Chip Bone, VP of the Florida Restaurant & Lodging Association Educational Foundation, suspects the problem may lie in a negative perception of how people get treated in the restaurant industry.

To counter this perception, 
in 1997 the NRA launched 
ProStart, a program for students in grades 11 and 12 that explains the value of a foodservice career. Approximately 45,000 high school students in 45 states and territories are involved with ProStart, which gives high school students some restaurant-type training so they can graduate to assistant restaurant managers and do a better job of managing employees later in their careers.

"Restaurants are growing so fast, yet there is a low perception of restaurant jobs, and restaurant training is not where it needs to be," Bone says. "ProStart is about combating that, providing motivation for young people who are considering going into this field."

Florida's ProStart program is the largest in the United States, with a $1 million budget and 18,000 students enrolled in 192 high schools. The schools purchase a two-year curriculum that covers everything from marketing to accounting, culinary to dining-room management. ProStart partners with culinary schools and restaurants to provide paid job experience opportunities for those students, as well as training for their teachers.

"While we have no quantifiable numbers, we have heard anecdotally that this program is improving restaurant recruitment and retention in [Florida]," says Bone. "Our restaurant members are telling us that these students are coming to work for them, and that this program is really affecting kids' lives."

At Legal Sea Foods, Executive Director of Recruiting and Development Janet Sotheby says the 3,600-employee company is trying to adapt hiring practices. "In the past we looked for people with similar experiences to what we needed, but now we're looking for more talent-based selection," she explains. Legal hired Kenexa to conduct in-company research and identify traits that were common among its successful employees.

"As of spring 2007, we look for those traits and talents in our interview and selection process," she says. "For example, one of our big focuses is on guest relationship. If you've got that talent, we'll teach you the mechanics of waiting tables. We're opening it up to all sorts of industries and age groups, including older and mature people, not just college kids looking for part-time work."

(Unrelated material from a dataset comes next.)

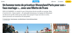 (조세금융신문=최주현 기자) 21일(현지시간) 프랑스 파리에서 북서쪽으로 40킬로쯤 떨어진 센에마른주 소재 디즈니랜드 파리에서 9살 우크라이나 소녀를 신부로 삼아 결혼식을 올리려던 4명의 성인들이 체포돼 관할 지방검찰청 조사를 받았다고 현지 <르 파리지엥>이 이날 보도했다. 혼주가 포함된 용의자 4명은 진짜 결혼식은 아니고 결혼 장면이 포함되는 영화촬영을 위해 놀이공원 개장 전인 이른 아침 결혼식을 위해 시설을 빌렸다고 진술했지만, 엑스트라로 동원된 사람들은 진짜 결혼식으로 알고 있었고 신부가 9살이라는 점은 몰랐던 것으로 확인됐다. <르 파리지앵>은 “놀이공원은 토요일 오전 개인 행사, 곧 결혼식을 위해 예약돼 있었던 게 분명했으며, 신부가 도착했을 때, 놀이공원 관리 당국은 신부가 아홉 살 우크라이나 소녀라는 사실을 알게 돼 곧바로 경찰에 신고했다”고 보도했다. 센에마른주 모(meaux) 지방검찰청은 심문을 위해 4명을 구금했다. 모지방검찰청 발표에 따르면, 신랑은 22세의 영국 국적자이고, 신부의 어머니는 41세로 확인됐다. 또 24세, 55세의 라트비아인 2명이 구금된 피의자들이다. 모지방검찰청은 <AFP>의 확인 취재

To attract and retain employees you have to create a company culture that embraces its staff and provides quality incentives for them, says Aaron Noveshen, founder of The Culinary Edge, a restaurant industry consultancy in San Francisco.

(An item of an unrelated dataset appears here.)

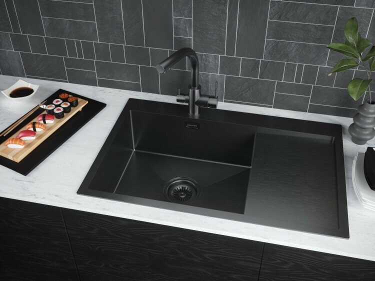 Комплект Paulmark Lassan PM304444-GM вороненая сталь + Смеситель Paulmark Essen 213011-GM для кухонной мойки, вороненая сталь
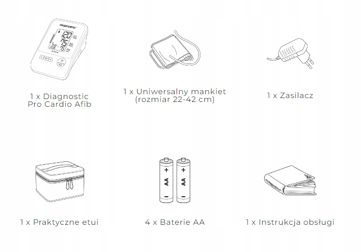 Тонометр Diagnostic PRO Cardio Afib — это полностью автоматический цифровой прибор для измерения артериального давления на руке, позволяющий измерять систолическое и диастолическое давление, а также частоту сердечных сокращений осциллометрическим методом. Выполняется самостоятельно дома. Для получения дополнительной информации об артериальном давлении и его измерении обратитесь к врачу. Не используйте прибор для измерения артериального давления у младенцев и детей до 12 лет, а также у беременных с преэклампсией.

"Look at In-&-Out Burger," he suggests. "The chain is renowned for paying some of the highest wages in the industry, and gets some of the highest ratings for happiness on the job, treating employees with respect and creating a fun workplace. Higher pay often does equate to a better experience for people."

Daily communication and recognition are other keys to a happy workforce, according to Mary M. Adolf, president and COO of the NRA's Educational Foundation.

"Bubba Gump Shrimp Co. promotes its open-door policy as a way to ensure that staff is informed on what is going on around the company, as well as how they are developing personally," she says. "Twice-daily shift meetings, weekly manager meetings, bi-weekly trainer meetings and regular round-table meetings are all of the ways 
Bubba Gump keeps their employees connected."

The NRA's Educational Foundation SPIRIT Awards program recognizes foodservice operations with exceptional employee programs in place.

"Emphasize the importance of your workforce to your bottom line," she advises restaurants with recruitment and retention challenges. "Acknowledge that without them, your company cannot succeed. Make sure you are providing your employees with a career and not simply a job by providing them with the tools they need to succeed both professionally and personally."

Siriani agrees. "Churn and burn is a stigma of our industry that we don't believe has to be a part of it. The issue is: What are companies doing to reach the workforce and engage their hearts, heads and minds? This is a great time for the restaurant industry to talk about the beauty and flexibility of working in the industry."